Oranges Are Not the Only Fruit by Jeanette Winterson; The Bird Artist by Howard Norman; Middlesex by Jeffrey Eugendies; The Danish Girl by David Ebershoff; Ordinary Wolves by Seth Kantner; Fault Lines by Nancy Huston

Author Interview

Q: How did the desire to write about a baby who is born intersex come to you?

A: I began hearing several stories of children who had been born like this in small, rural communities: born beyond gender. I have always been fascinated by how our society places people at extreme ends of what I see as an artificial gender spectrum. When I began thinking about these children I knew I wanted to write about a character like Wayne/Annabel. I wanted to write into the question of what happens to personality if you take gender extremes away.

Q: What do you hope readers will take away from their experience with Wayne and his shadow-self, Annabel?

A: I’d like readers to see Wayne/Annabel the way they see themselves, and look at the “other” gender within themselves. I feel point of view is everything, in life and in literature, and I hope the book treats the points of view held by its divergent characters with equal respect. In many ways, this book is, for me, about suspending judgment. When you understand why someone acts the way they do, even if the actions cause sadness or difficulty, then I think you can redirect your energy to something more fruitful than judgment. I also hope the reader will have the kind of reading experience I think books are really about: a connection with the characters and a suspension of the loneliness of being human. I hope this story, like all good stories, might give the reader a kind of relief and a joy.

Q: Treadway, the baby’s father, is a woodsman and a hunter. How did you develop such a familiarity with this way of living?

A: My mother is a city girl and my father is a woodsman and hunter. I have both those impulses in me, so I have spent a lot of time in the wilderness myself, fishing, mushroom hunting, making fires on the beach, and walking alone in places where there are owls and caribou and other wildlife. I lived for much of the past fifteen years in a house in the woods in Newfoundland. Whenever I meet an old trapper or hunter I like to get in his truck or on the back of his skidoo and see some of his world. I like talking to older men about their wilderness adventures, and comparing them with my own. Labrador, for me, is a place full of magnetic energy, and I have gone on extended trips there and listened to people and let the power of its landscape soak into me. People who live there have generously shared the land and its lifestyle with me, from ice fishing for smelt, to staying in Innu encampments, and learning how to sew rabbitnose slippers out of caribou hide. I have also studied a lot of maps and nonfiction books about that land, though I never intended to write a novel set there until this novel presented itself to me.

Q: Why is writing about Newfoundland and Labrador important to you?

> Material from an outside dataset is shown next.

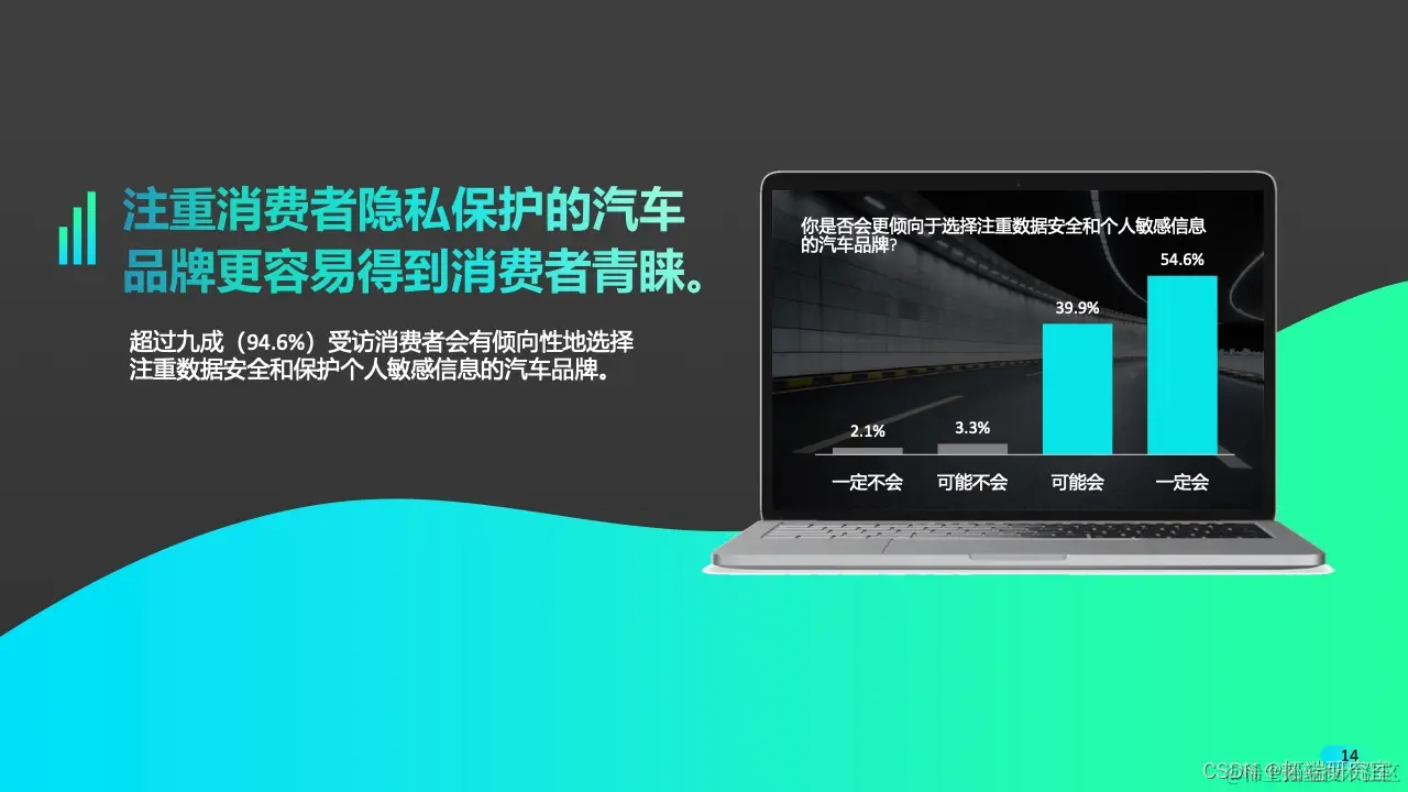 调查中,一个十分重要的发现是:超过九成(94.6%)受访消费者会有倾向性地选择注重数据安全和保护个人敏感信息的汽车品牌。这其中,54.6%的消费者表示“一定会”购买数据安全保障能力强的品牌。
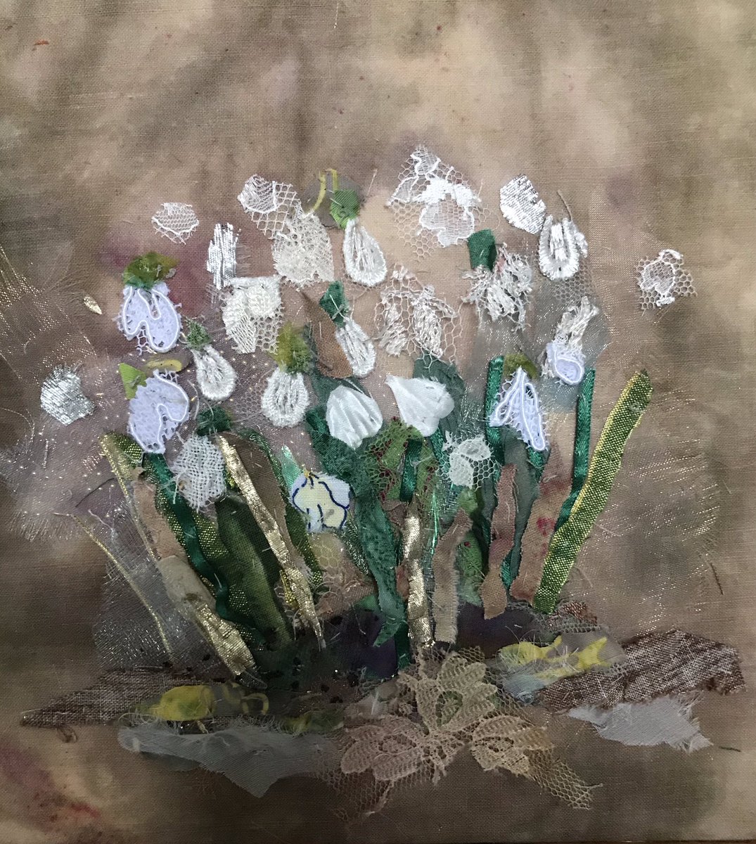 #snowdrops and a detail so you can see the layers of fabrics I’ve used.#textileart#textiles#handstitched@TheEmbroidered@_houseandgarden#gardenersoftwitter#winter#flowerspic.twitter.com/swt8FQi7Ij

A: It is the place I have lived from the time I was eight years old until recently. When I was eight, my family moved there from the industrial north of England, so the new landscape was a seismic shock to me; a complete departure from what I had known as a child—and I think the sudden wilderness with its stark, primeval landscape became a kind of second geography that I have used some of my writing to explore.

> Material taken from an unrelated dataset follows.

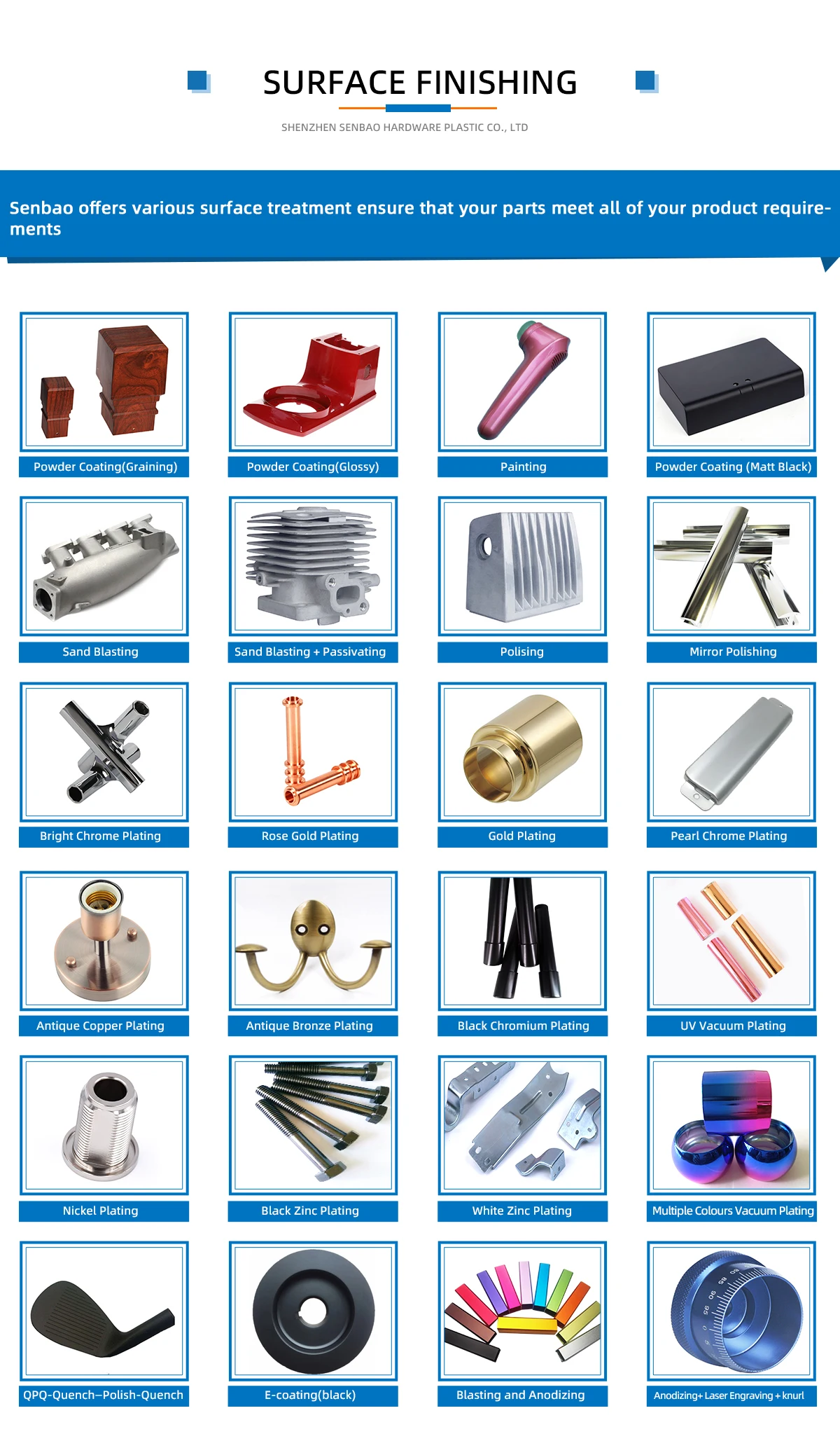 Surface treatment | Anodizing, Sandblasting, Metal Plating, Polishing, Painting, Powder coating, Brushing ,Silk-screen , Laser Engraving etc. | ||||||

Q: What do you plan to work on next?

A: I’m working on a comic murder mystery narrated by a woman who stumbles upon crimes while she is trying to write a manifesto on how to grow old magnificently instead of being defeated by age. It is set in Montreal, where I now live, and it taps the urban side of my imagination rather than the wilderness side of Annabel. The murder mystery is illustrated, and I see it as the first in a trilogy.